— Directions for this task —
Leaving pictures aside, set down each line exactly, from the first line of the data to the line with "<B>1794 50C VF", both included.

— Given data —
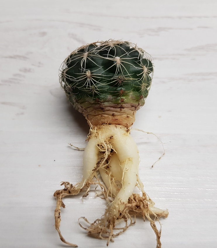 Похоже, что корень отгнил (слабая надежда на то, что Вы его обломали). Посмотрите, если на изломе - размягчение, разжижение и изменение цвета тканей - это гниль. Еще иногда запах чувствуется - кислый или брожения. Если гниль - вооружайтесь лезвием, спиртом и режьте под прямым углом к линии, соединяющей корень и верхушку, слоями, как морковку. После каждого срезанного слоя - дезинфицируйте бритву, а лучше прокаливайте на газу. Руки - тоже (не на газу). Ваша задача - не изрезать весь кактус, но при этом - добраться до здоровых тканей (с запасом). Перед "чистовым срезом" - дезинфицируйте лезвие особенно тщательно. Не держите рядом ампутированные ткани - спустите их в унитаз, проветрите помещение, дезинфицируйте руки. Вообразите себя хирургом, имеющим дело с гангреной и коронавирусом одновременно. Если гниль (черные точки по камбиальному кольцу) захватила более 50% высоты растения - выбрасывайте, он не укоренится. Желательно остановиться на корневой шейке. Я обычно подсушиваю срез на воздухе, ничем не присыпая, тут Вам посоветуют присыпать срез. С учетом Вашей неискушенности, можно толченым углем. Лезвие должно быть очень острым. Можете сфотографировать срез и прислать фото, будем Вам дальше советовать. Подсушить срез не так просто, сейчас в квартирах очень сухой воздух. Я бы делал это в более прохладном месте (на подоконнике, не у батареи отопления). Излишняя сухость сама по себе может приводить к повреждению тканей (излишнему усыханию, особенно, если срез у Вас получится обширный).
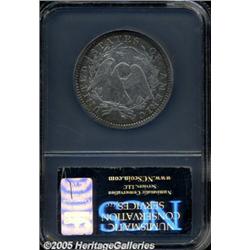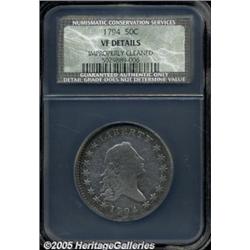 <B>1794 50C VF Details, Improperly Cleaned, NCS.</B></I> O-101, R.4. Although bright from a moderate cleaning, this nicely defined piece has since partly retoned in aqua and honey colors. There are no singularly heavy marks, only a couple of minor blemishes on the rim beneath the date. Seen much less often than the 1795, the 1794 has undeniable historical importance as the initial Half Dollar issue from the U.S. Mint.
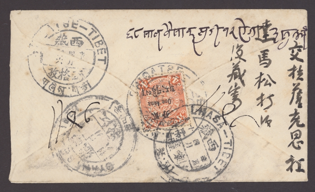 1911 (4 May) envelope to Lhasa bearing, on the reverse, 1a. on 4c. tied by Dollar dater type C3 with a second strike alongside plus similar for Gyantse and Lhasa; an attractive cover. Photo
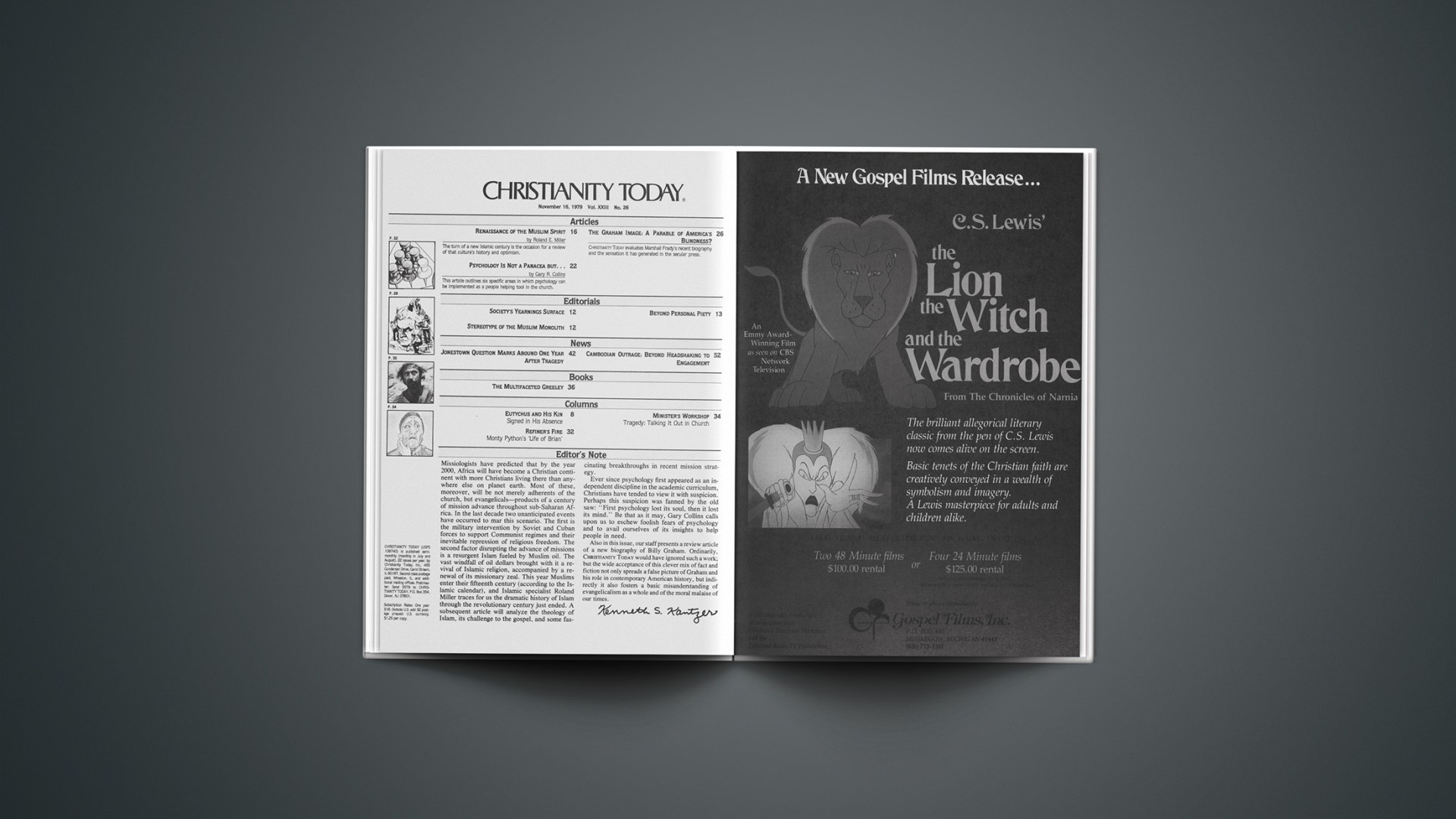 Also in this issue, our staff presents a review article of a new biography of Billy Graham. Ordinarily, CHRISTIANITY TODAY would have ignored such a work; but the wide acceptance of this clever mix of fact and fiction not only spreads a false picture of Graham and his role in contemporary American history, but indirectly it also fosters a basic misunderstanding of evangelicalism as a whole and of the moral malaise of our times.

— Task response —
 Похоже, что корень отгнил (слабая надежда на то, что Вы его обломали). Посмотрите, если на изломе - размягчение, разжижение и изменение цвета тканей - это гниль. Еще иногда запах чувствуется - кислый или брожения. Если гниль - вооружайтесь лезвием, спиртом и режьте под прямым углом к линии, соединяющей корень и верхушку, слоями, как морковку. После каждого срезанного слоя - дезинфицируйте бритву, а лучше прокаливайте на газу. Руки - тоже (не на газу). Ваша задача - не изрезать весь кактус, но при этом - добраться до здоровых тканей (с запасом). Перед "чистовым срезом" - дезинфицируйте лезвие особенно тщательно. Не держите рядом ампутированные ткани - спустите их в унитаз, проветрите помещение, дезинфицируйте руки. Вообразите себя хирургом, имеющим дело с гангреной и коронавирусом одновременно. Если гниль (черные точки по камбиальному кольцу) захватила более 50% высоты растения - выбрасывайте, он не укоренится. Желательно остановиться на корневой шейке. Я обычно подсушиваю срез на воздухе, ничем не присыпая, тут Вам посоветуют присыпать срез. С учетом Вашей неискушенности, можно толченым углем. Лезвие должно быть очень острым. Можете сфотографировать срез и прислать фото, будем Вам дальше советовать. Подсушить срез не так просто, сейчас в квартирах очень сухой воздух. Я бы делал это в более прохладном месте (на подоконнике, не у батареи отопления). Излишняя сухость сама по себе может приводить к повреждению тканей (излишнему усыханию, особенно, если срез у Вас получится обширный).
 <B>1794 50C VF Details, Improperly Cleaned, NCS.</B></I> O-101, R.4. Although bright from a moderate cleaning, this nicely defined piece has since partly retoned in aqua and honey colors. There are no singularly heavy marks, only a couple of minor blemishes on the rim beneath the date. Seen much less often than the 1795, the 1794 has undeniable historical importance as the initial Half Dollar issue from the U.S. Mint.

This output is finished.